◆ What to work on ◆
Please return the full listing exactly as written, with the images removed.

◆ Input data ◆
————————

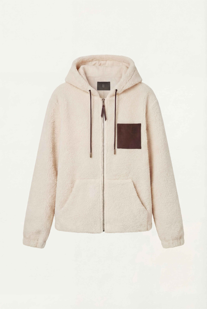 2. Натуральная замша на нагрудном кармане и шнурках капюшона контрастирует основному материалу, добавляя фактуры и цвета.
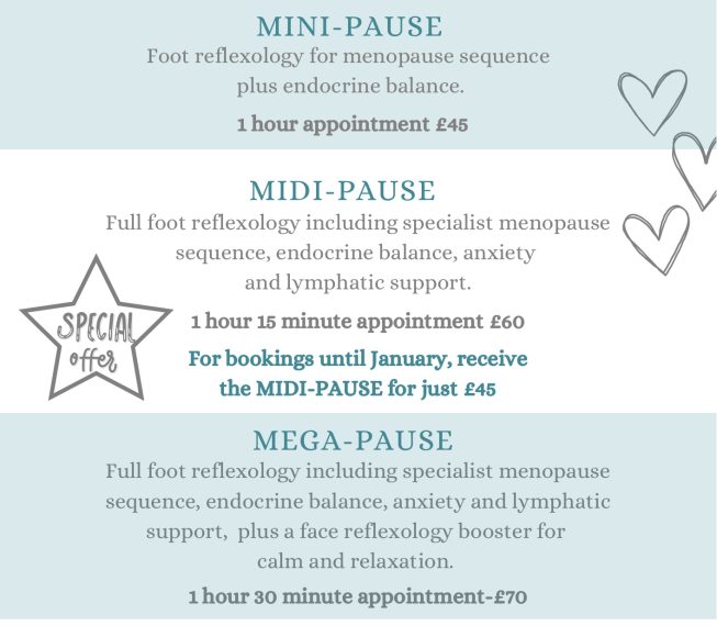 My Reflexology for Menopause treatments are designed to gently support women experiencing a range of symptoms, including temperature regulation challenges, low mood, anxiety, inflammation, and many others. Each session focuses on calming the endocrine system, encouraging lymphatic drainage, anxiety support and providing a restorative space just for you.
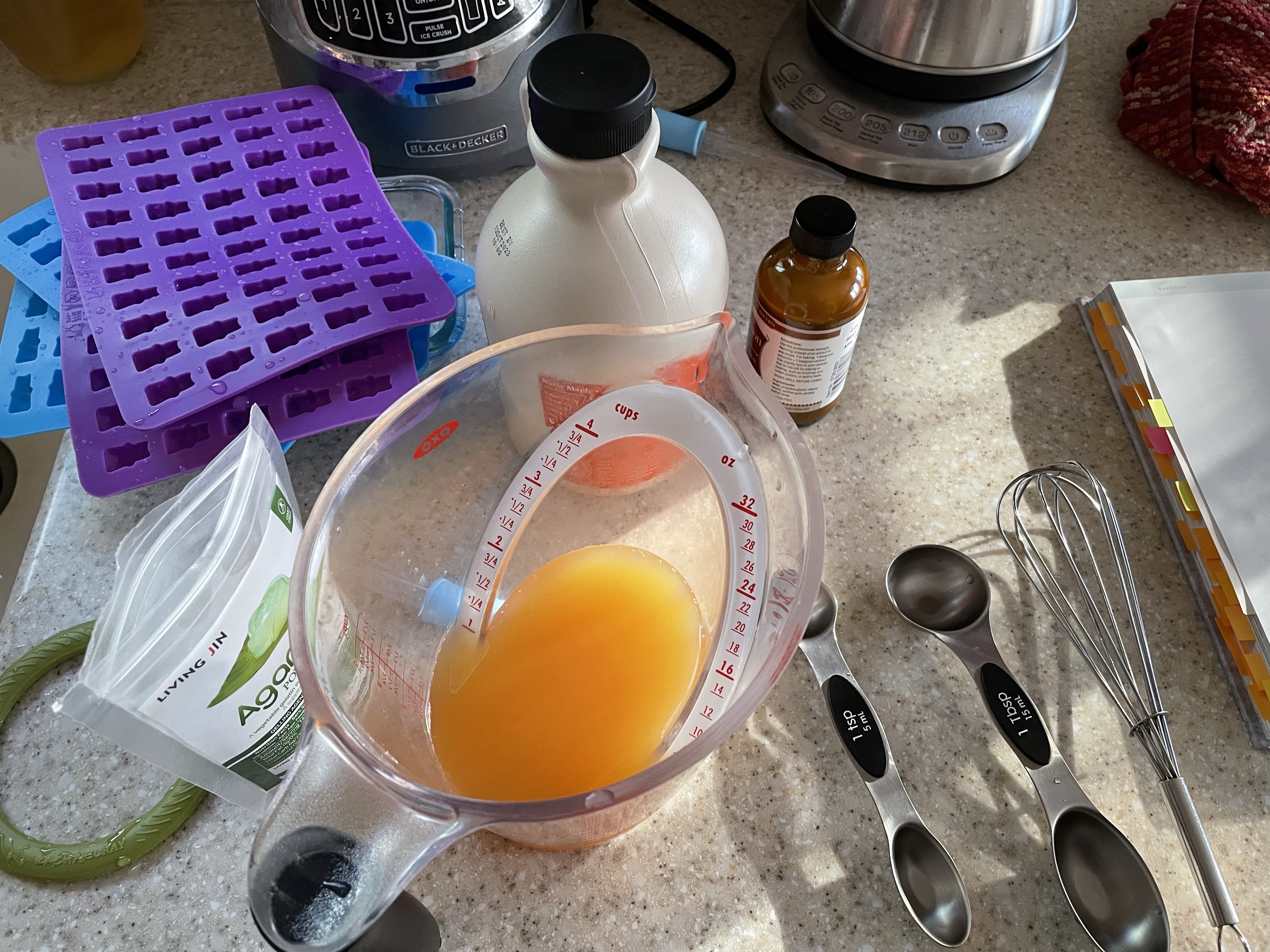 Full honesty, I had to make this one twice because I missed the “tips” note on the second page entirely and in this case gelatin to Agar Agar is not 1-to-1. As I was making it, I tried saving it by continuing to add more liquid, but I knew something had to be wrong and I was right.

————————

◆ Exercise solution ◆
 2. Натуральная замша на нагрудном кармане и шнурках капюшона контрастирует основному материалу, добавляя фактуры и цвета.
 My Reflexology for Menopause treatments are designed to gently support women experiencing a range of symptoms, including temperature regulation challenges, low mood, anxiety, inflammation, and many others. Each session focuses on calming the endocrine system, encouraging lymphatic drainage, anxiety support and providing a restorative space just for you.
 Full honesty, I had to make this one twice because I missed the “tips” note on the second page entirely and in this case gelatin to Agar Agar is not 1-to-1. As I was making it, I tried saving it by continuing to add more liquid, but I knew something had to be wrong and I was right.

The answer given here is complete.